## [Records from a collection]
------------------------------------

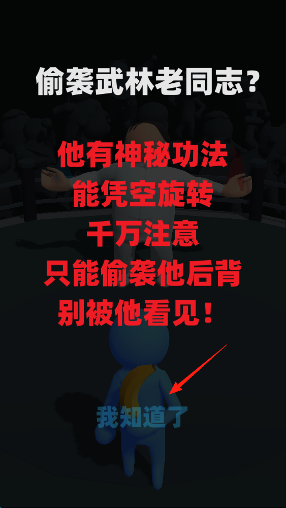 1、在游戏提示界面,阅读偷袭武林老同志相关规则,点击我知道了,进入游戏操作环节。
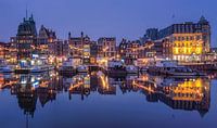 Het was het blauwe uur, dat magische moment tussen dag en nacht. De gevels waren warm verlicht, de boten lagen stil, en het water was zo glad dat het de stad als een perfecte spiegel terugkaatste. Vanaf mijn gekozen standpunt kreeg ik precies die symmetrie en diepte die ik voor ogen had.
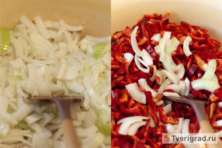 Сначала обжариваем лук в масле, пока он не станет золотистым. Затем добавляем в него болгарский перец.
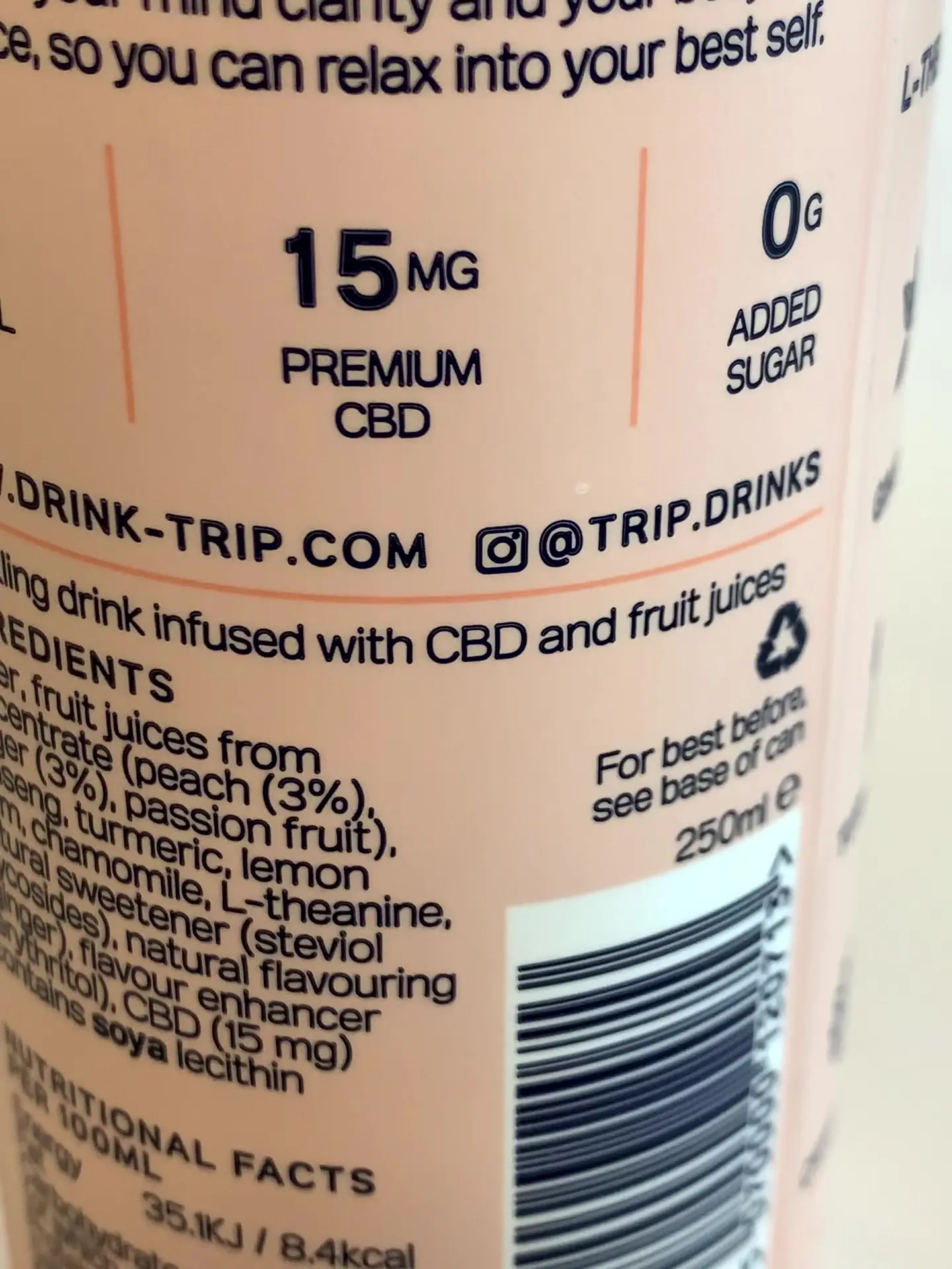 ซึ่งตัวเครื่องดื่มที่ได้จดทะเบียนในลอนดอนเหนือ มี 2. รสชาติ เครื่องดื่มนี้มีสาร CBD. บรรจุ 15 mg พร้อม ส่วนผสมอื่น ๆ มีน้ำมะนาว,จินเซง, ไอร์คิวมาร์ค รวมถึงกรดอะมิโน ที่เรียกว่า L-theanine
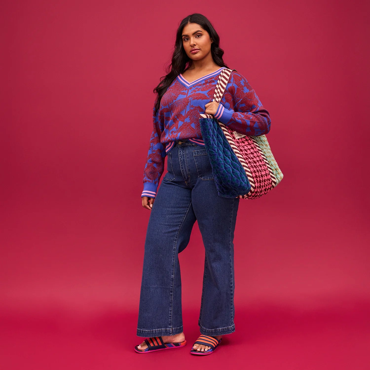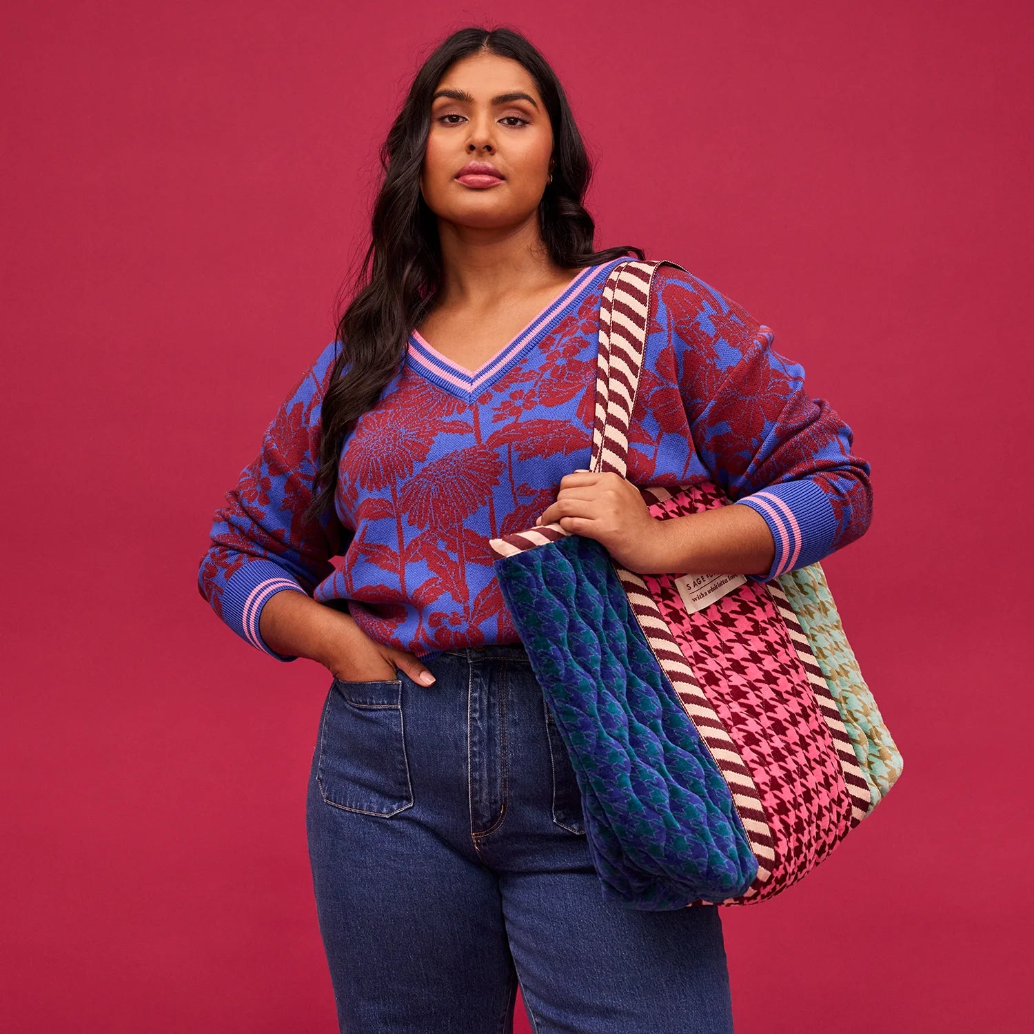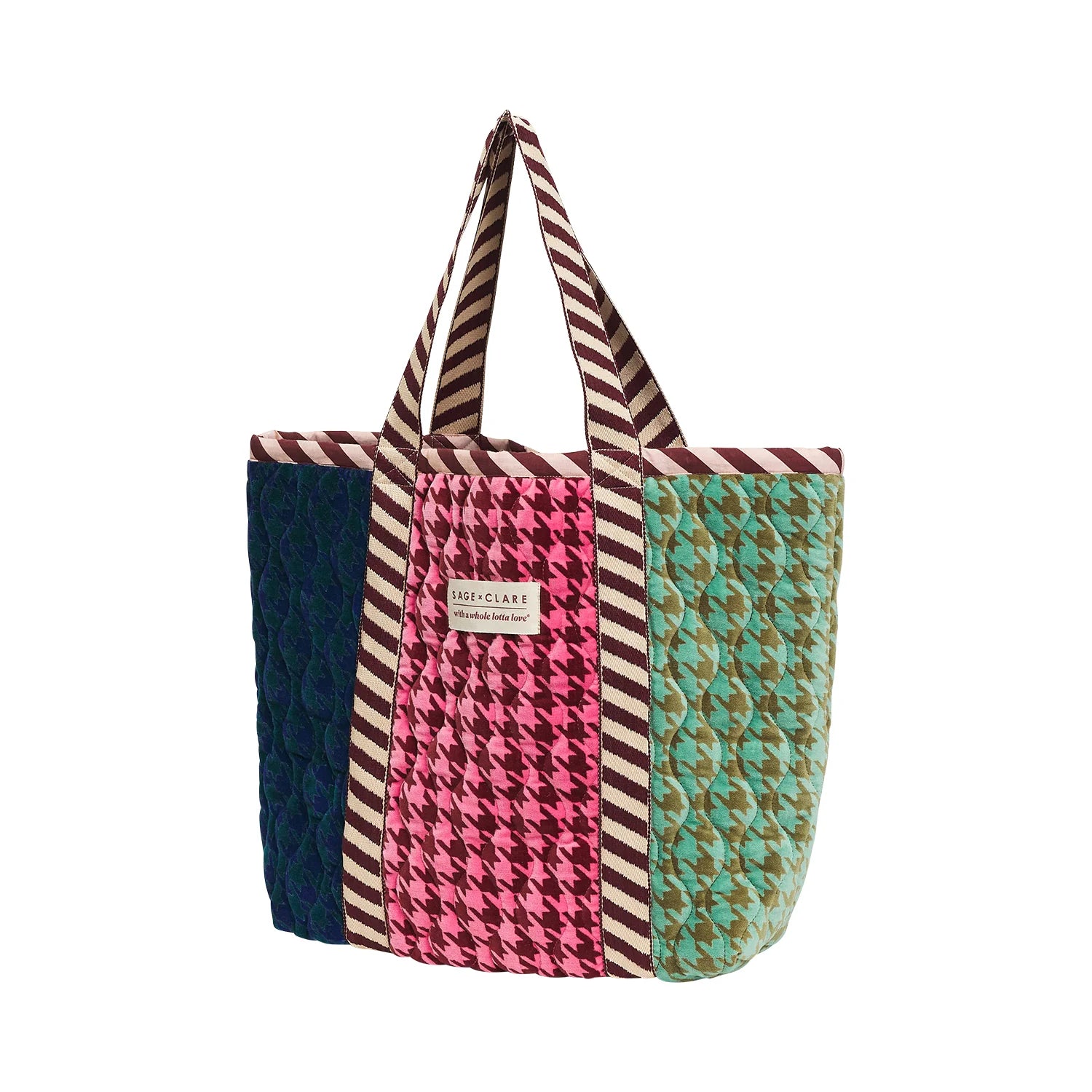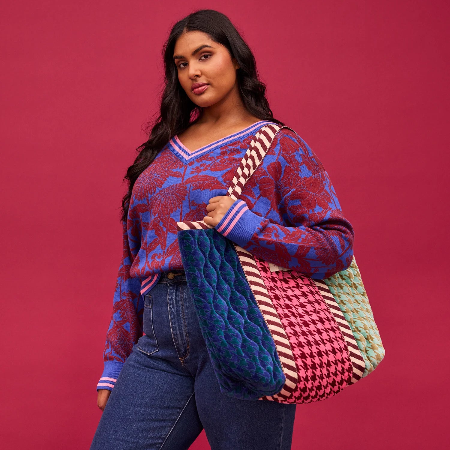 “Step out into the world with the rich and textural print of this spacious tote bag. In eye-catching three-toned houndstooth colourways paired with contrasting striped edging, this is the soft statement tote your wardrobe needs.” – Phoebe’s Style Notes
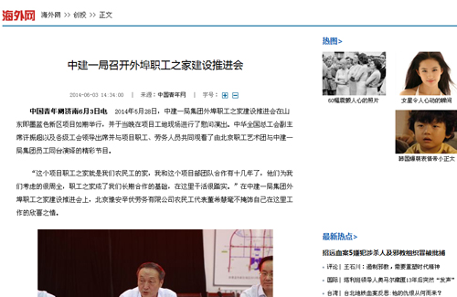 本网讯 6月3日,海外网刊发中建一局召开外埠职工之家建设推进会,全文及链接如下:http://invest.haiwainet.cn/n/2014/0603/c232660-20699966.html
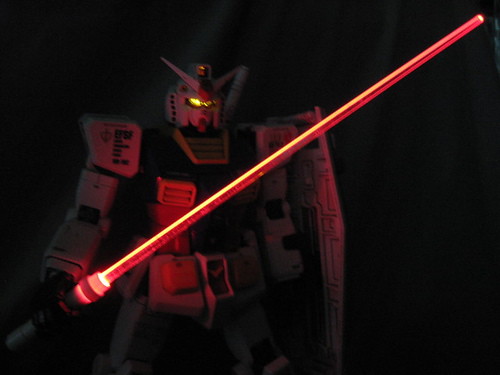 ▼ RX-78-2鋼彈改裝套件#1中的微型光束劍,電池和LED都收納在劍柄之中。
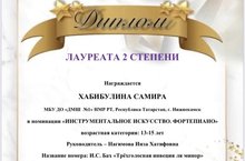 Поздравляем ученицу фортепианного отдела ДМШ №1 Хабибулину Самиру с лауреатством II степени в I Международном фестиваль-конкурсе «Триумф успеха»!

------------------------------------

## [REQUIRED ACTION]
Would you please set down the data above again exactly, without its pictures?

## [TASK RESULT]
 1、在游戏提示界面,阅读偷袭武林老同志相关规则,点击我知道了,进入游戏操作环节。
 Het was het blauwe uur, dat magische moment tussen dag en nacht. De gevels waren warm verlicht, de boten lagen stil, en het water was zo glad dat het de stad als een perfecte spiegel terugkaatste. Vanaf mijn gekozen standpunt kreeg ik precies die symmetrie en diepte die ik voor ogen had.
 Сначала обжариваем лук в масле, пока он не станет золотистым. Затем добавляем в него болгарский перец.
 ซึ่งตัวเครื่องดื่มที่ได้จดทะเบียนในลอนดอนเหนือ มี 2. รสชาติ เครื่องดื่มนี้มีสาร CBD. บรรจุ 15 mg พร้อม ส่วนผสมอื่น ๆ มีน้ำมะนาว,จินเซง, ไอร์คิวมาร์ค รวมถึงกรดอะมิโน ที่เรียกว่า L-theanine
 “Step out into the world with the rich and textural print of this spacious tote bag. In eye-catching three-toned houndstooth colourways paired with contrasting striped edging, this is the soft statement tote your wardrobe needs.” – Phoebe’s Style Notes
 本网讯 6月3日,海外网刊发中建一局召开外埠职工之家建设推进会,全文及链接如下:http://invest.haiwainet.cn/n/2014/0603/c232660-20699966.html
 ▼ RX-78-2鋼彈改裝套件#1中的微型光束劍,電池和LED都收納在劍柄之中。
 Поздравляем ученицу фортепианного отдела ДМШ №1 Хабибулину Самиру с лауреатством II степени в I Международном фестиваль-конкурсе «Триумф успеха»!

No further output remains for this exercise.